A childhood leukemia diagnosis usually starts with a simple blood test. A doctor may order this blood test after evaluating the patient’s symptoms. Other times, the test is part of a routine doctor’s appointment.
If the test shows abnormal levels of red or white blood cells or the presence of leukemia cells, a bone marrow biopsy is ordered. This requires taking a sample of bone marrow from the hip with a needle, and then looking for the presence of disease.
A lumbar puncture may also be also performed to determine whether leukemia has affected the central nervous system. During this procedure, health care professionals use a needle to remove cerebrospinal fluid from the spine.
At the Children's Cancer Hospital, these procedures are performed under anesthesia for minimal discomfort to your child. Special doctors called hematopathologists use a full battery of laboratory tests to identify the specific leukemia type and subtype.

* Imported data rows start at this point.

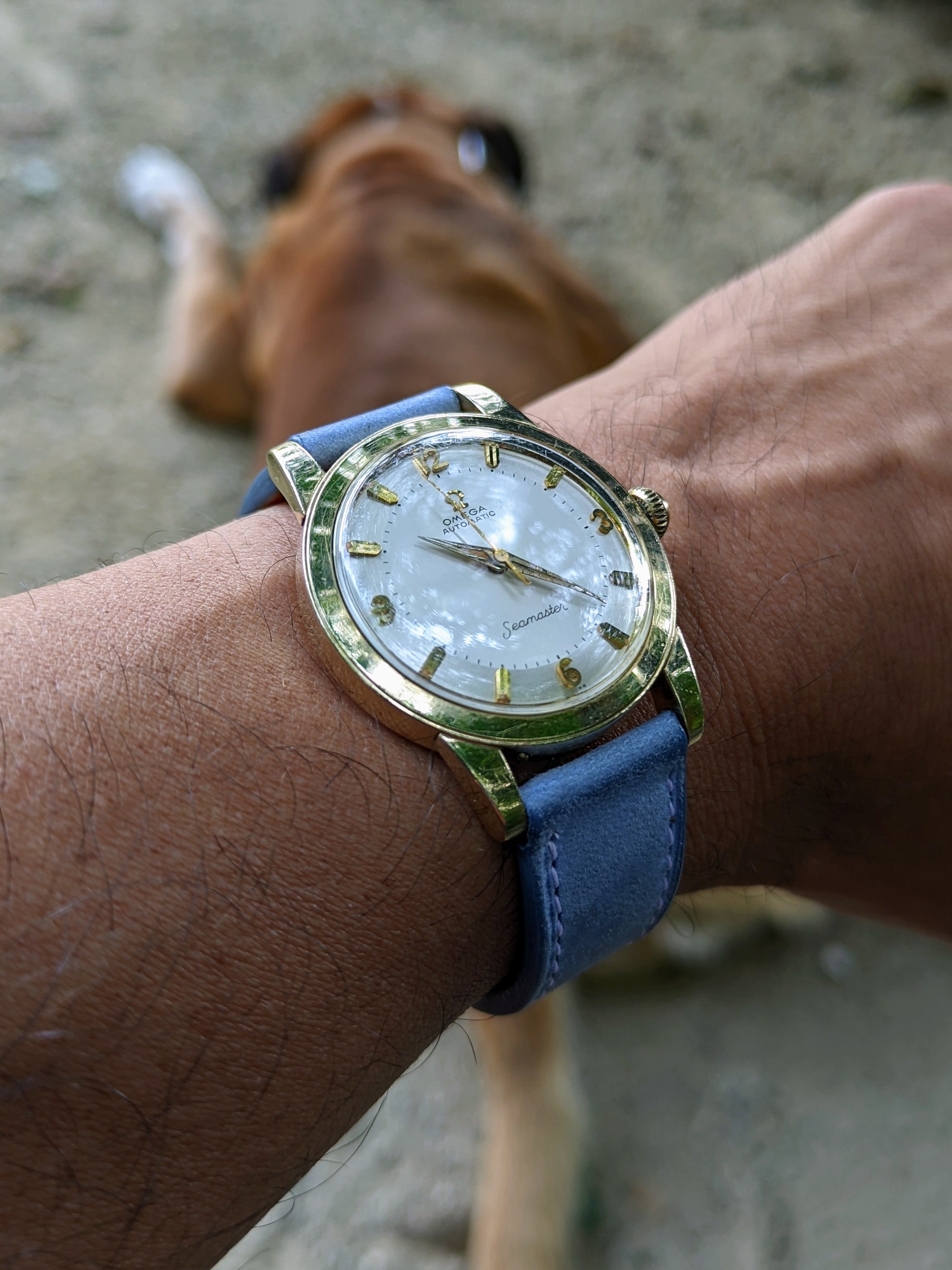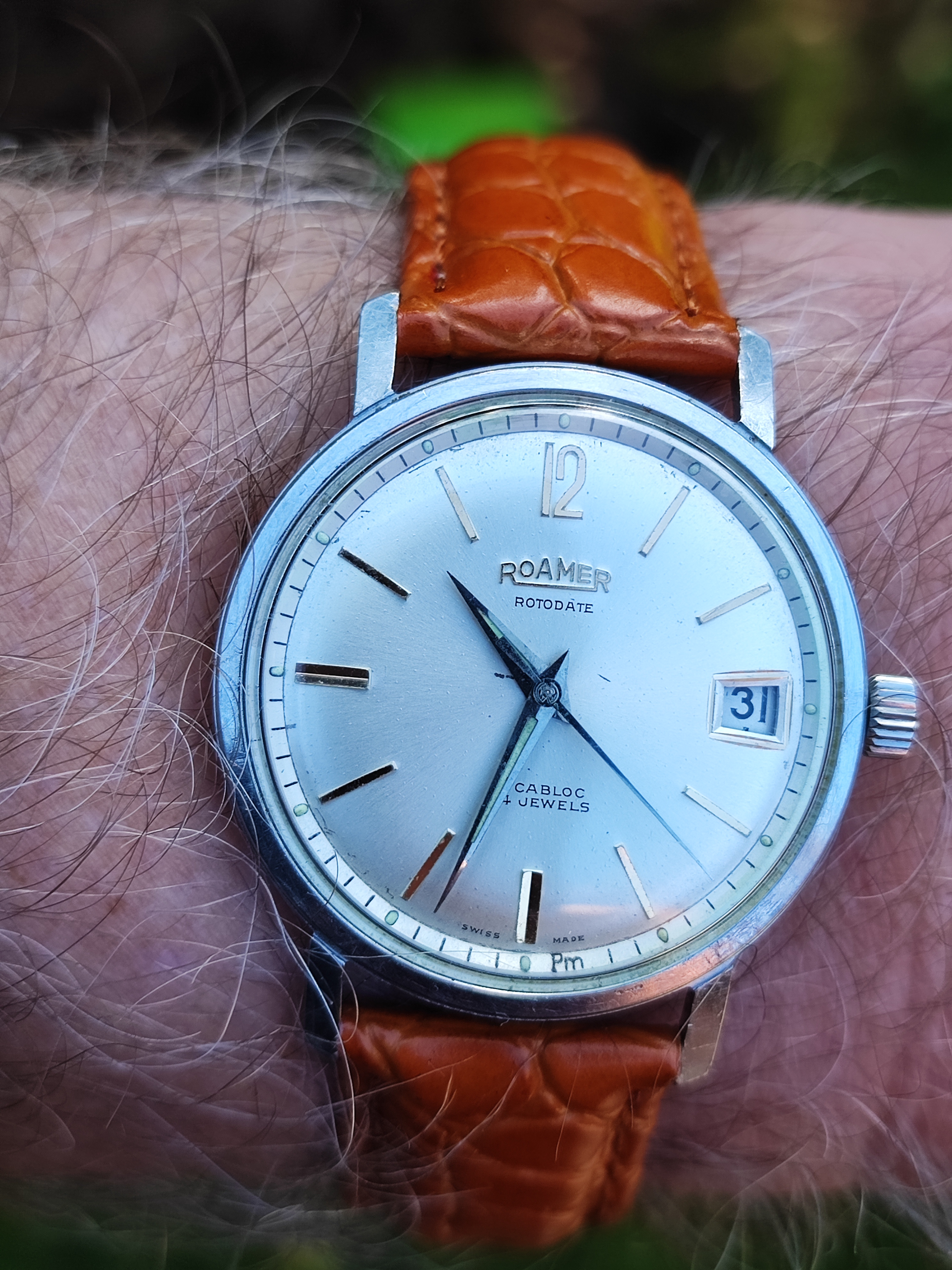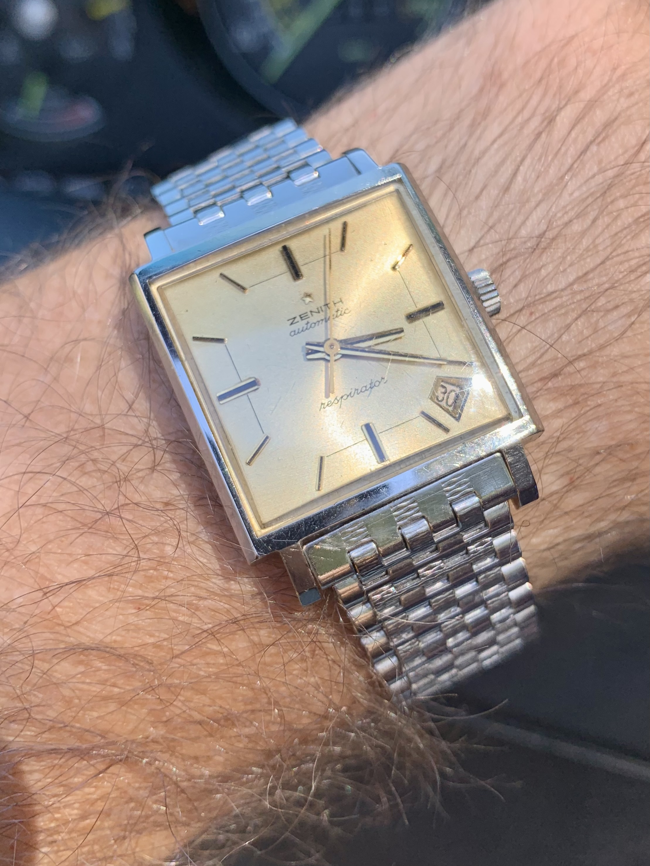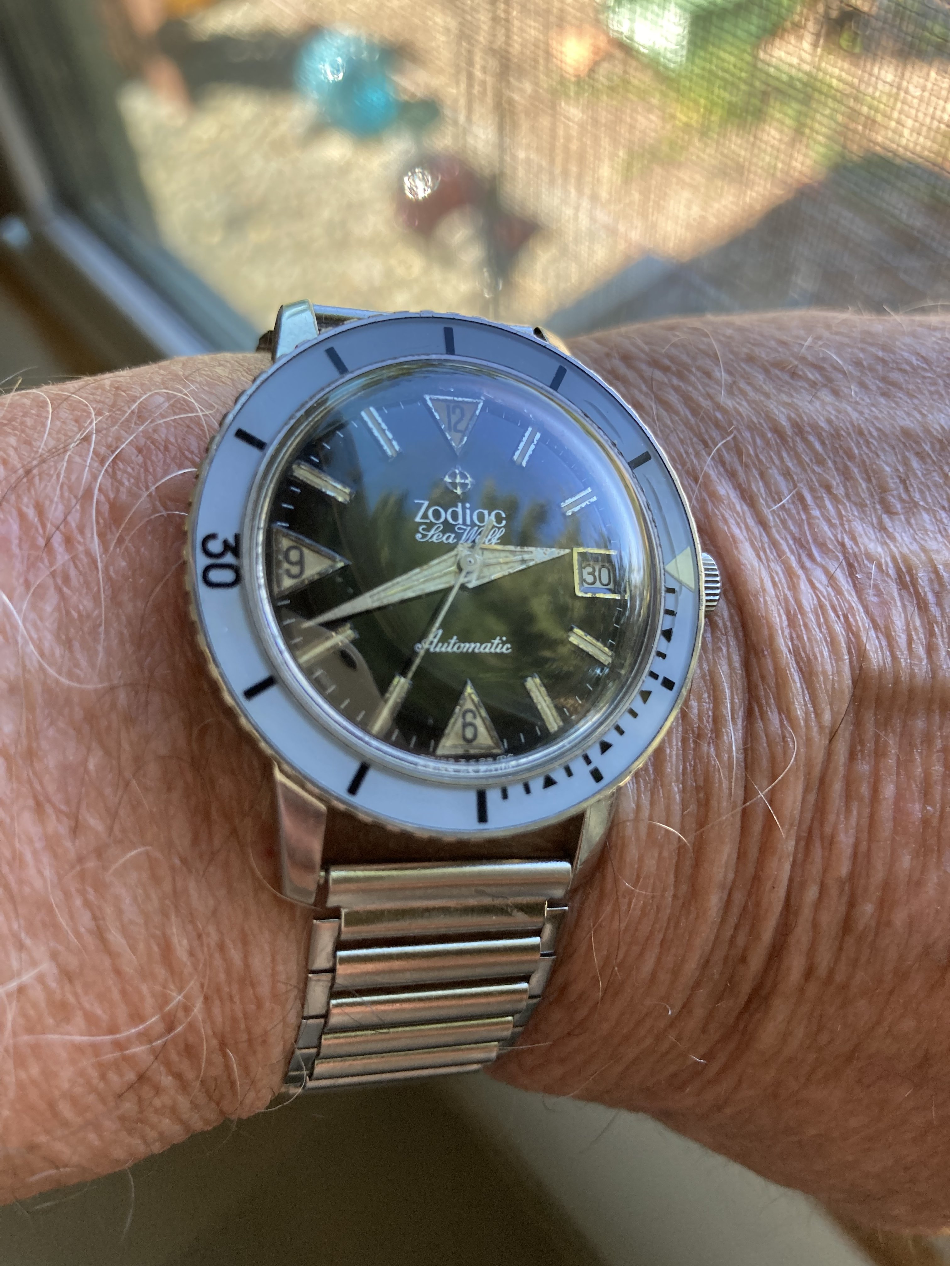 There is just one nice example in green (my favorite) but overpriced (and missing bracelet). There is a similar variant that includes four bezel colors (green, red, blue, black). No idea how they collected four of these rare bakelite bezels. The hands on this version, however, are not orange, so not the same. The orange hands really add to the cool factor along with colored bezel.
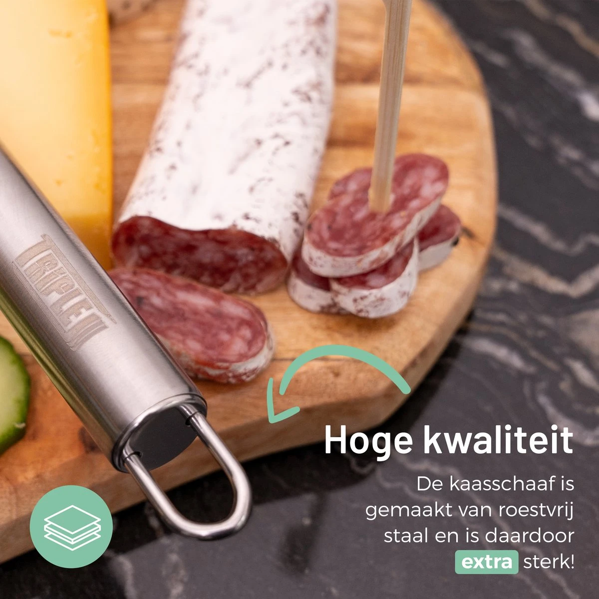 Wil jij ook perfect gesneden kaasplakjes voor overheerlijke sandwiches en tosti’s? Snij soepel en snel jouw favoriete jonge en oude kaas in plakjes met de kaasschaaf van Triple J®! De kaasrasp is gemaakt van roestvrijstaal, waardoor hij zeer sterk is. Dit in combinatie met het ergonomische handvat zorgt ervoor dat hij prettig in de hand ligt. Zo kies je vanaf nu voor een verse kaas en hoef je nooit meer voorverpakte kaas te kopen.
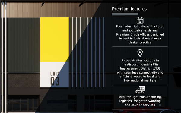 - The warehouse caters to a variety of industrial activities, including warehousing, distribution, manufacturing, assembly, or logistics operations, aligning with zoning regulations and permitted land use within Airport Industria.
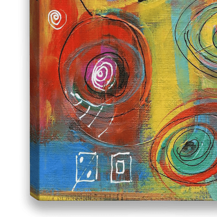 Spiralen und Kreise in kräftigen Blau, Gelb und Grün Tönen werden attraktiv in Szene gesetzt...
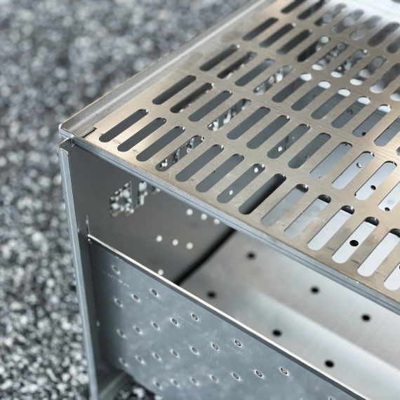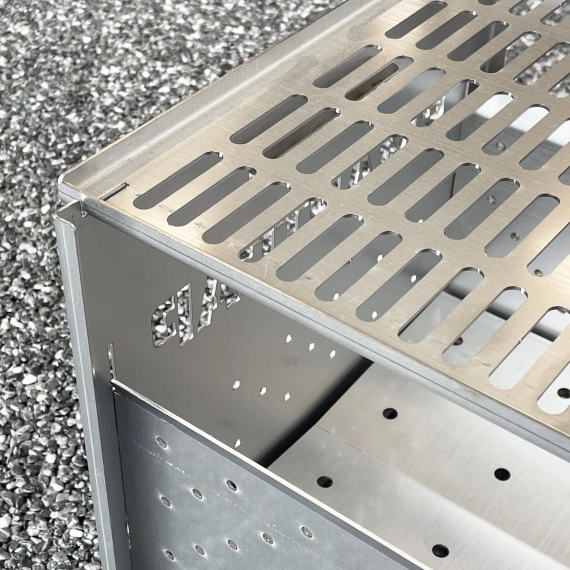 Liten og lett sammenleggbar grill eller bålkasse laget i 2mm stålplate. Flatpakkes enkelt sammen i medfølgende nylonbag.
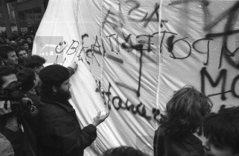 Warszawa, 24-02-1989 Happening Pomarańczowej Alternatywy: „Pollock potrafi”
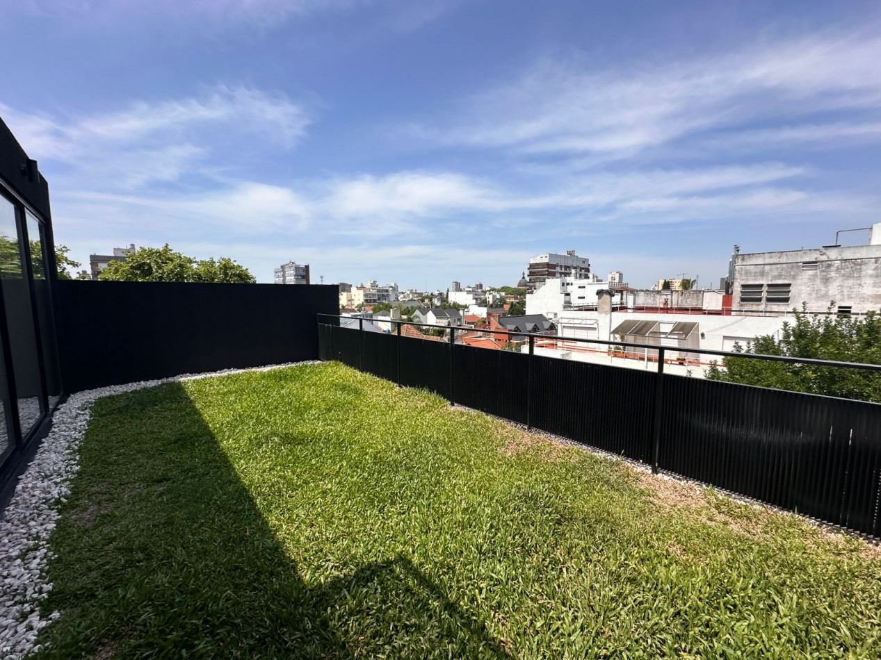 73,6 m² cubiertos + 13,3 m² semicubiertos + COCHERA para dos autos
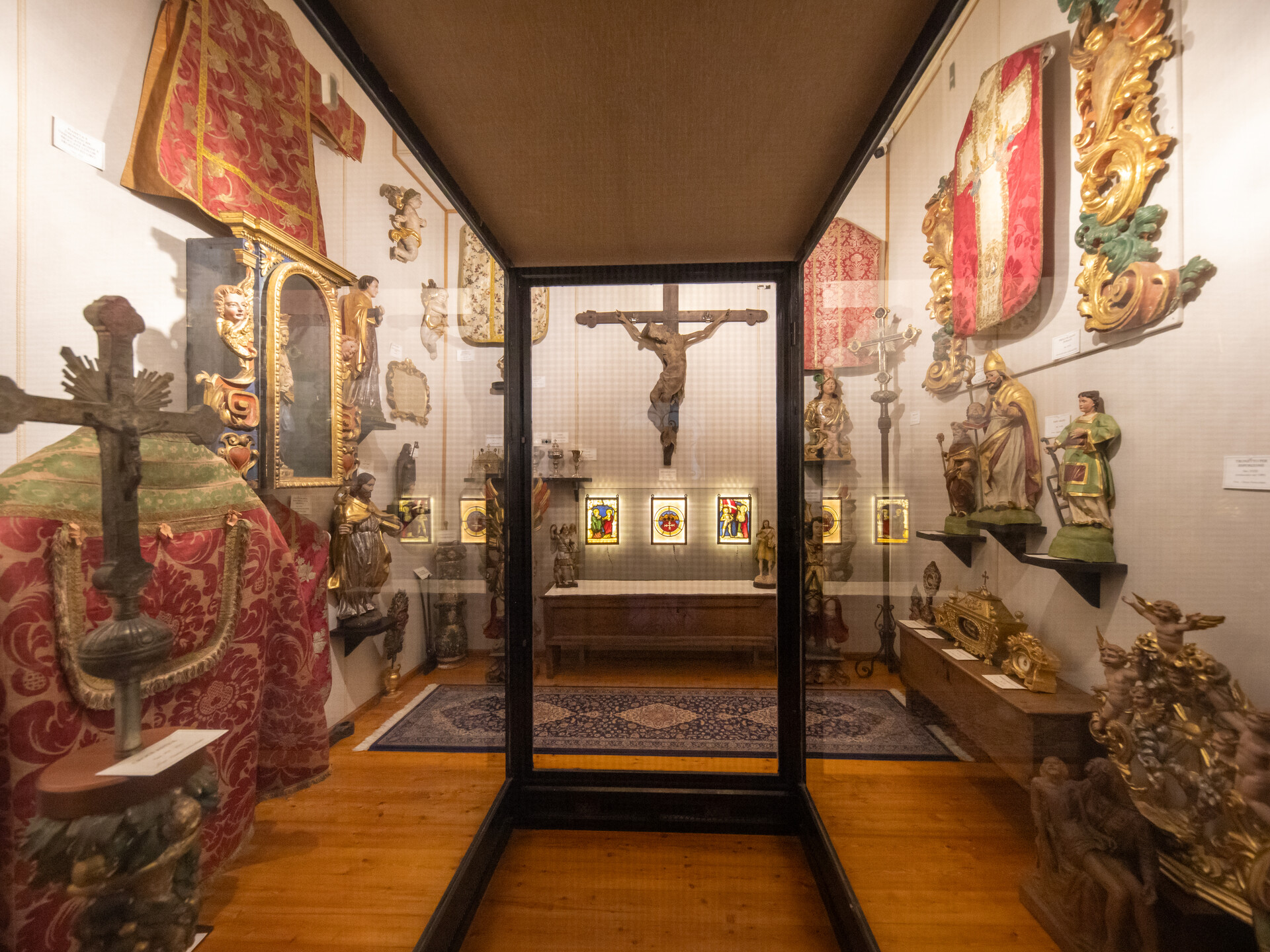 Notevole anche una pianeta in damasco rosso con ricami in oro dei Seicento. Una curiosità sono gli attrezzi per modellare le ostie.
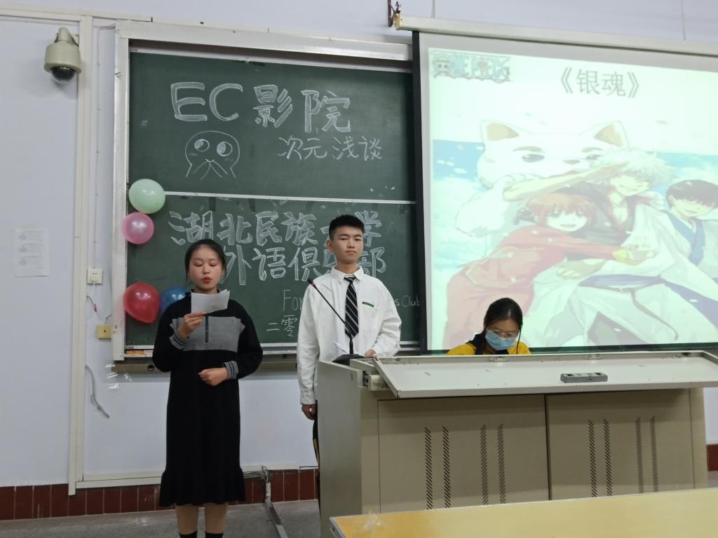 时间:2020-11-16 编辑:学生科 点击:本网讯(记者杜婷婷 覃松燕)为丰富大学生课余生活,展现外语独特魅力,外语俱乐部于11月13日晚19:00在外国语学院6402教室举办以“次元浅谈”为主题的EC影院活动。此次活动面向bat365官网全体师生。
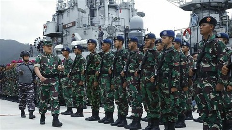 | Des troupes indonésiennes à la base militaire de Natuna dans les îles Riau, le 3 janvier. |
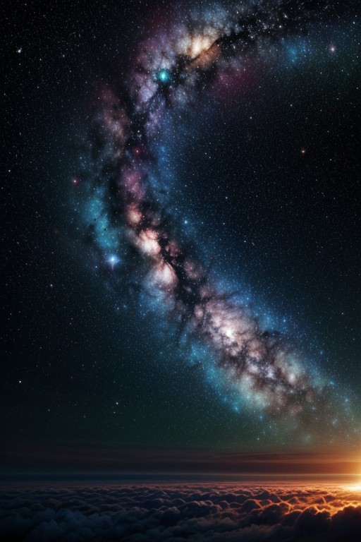 masterpiece, best quality, absurdres, illustration, photorealistic, colorful gas clouds, stars, distant galaxies, swirling patterns, glowing light, dark void
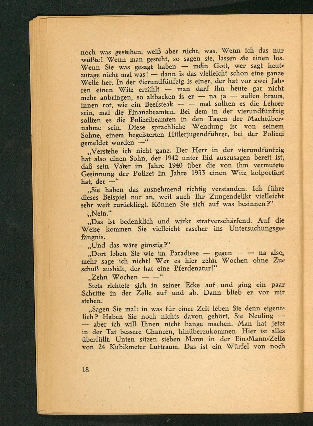 noch was gestehen, weiß aber nicht, was. Wenn ich das nur wüßte! Wenn man gesteht, so sagen sie, lassen sie einen los. Wenn Sie was gesagt haben mein Gott, wer sagt heut zutage nicht mal was! dann is das vielleicht schon eine ganze Weile her. In der vierundfünfzig is einer, der hat vor zwei Jahren einen Witz erzählt man darf ihn heute gar nicht mehr anbringen, so altbacken is er außen braun, na ja innen rot, wie ein Beefsteak mal sollten es die Lehrer sein, mal die Finanzbeamten. Bei dem in der vierundfünfzig sollten es die Polizeibeamten in den Tagen der Machtübernahme sein. Diese sprachliche Wendung ist von seinem Sohne, einem begeisterten Hitlerjugendführer, bei der Polizei gemeldet worden
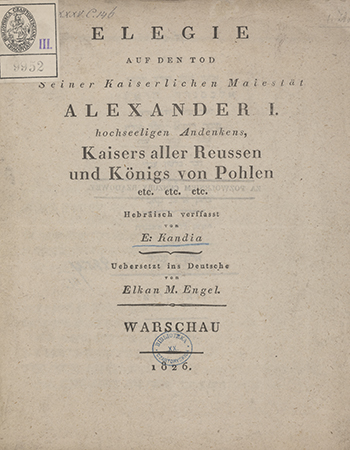 Elegie auf den Tod Seiner Keiserlichen Maiestaet Alexander I hochseeligen Andenkens, Kaisers Allen Russen und Köenigs von Pohlen etc. etc. etc. Hebräisch verffasst von…
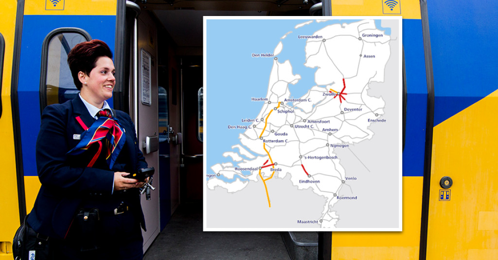 Op de website van de NS is te zien dat er van en naar Zwolle geen enkel treinverkeer mogelijk is. Hetzelfde geldt tussen Breda en Roosendaal en Rotterdam en Roosendaal. Tussen Eindhoven en Den Bosch en Leiden en Den Haag is minder treinverkeer mogelijk.

While many cancers are defined by their stages, there is no widely used staging system for childhood leukemia. Instead, patients are placed in risk groups depending on their condition and how far the disease has progressed. Doctors use these risk groups to help plan a patient's treatment.
(Source: National Cancer Institute)
Acute Lymphoblastic Leukemia (ALL)
Risk groups for childhood acute lymphoblastic leukemia are described as:
Standard (low) risk: Includes children aged 1 to 9 years who have a white blood cell count of less than 50,000/µL (or millionths of a liter) at diagnosis.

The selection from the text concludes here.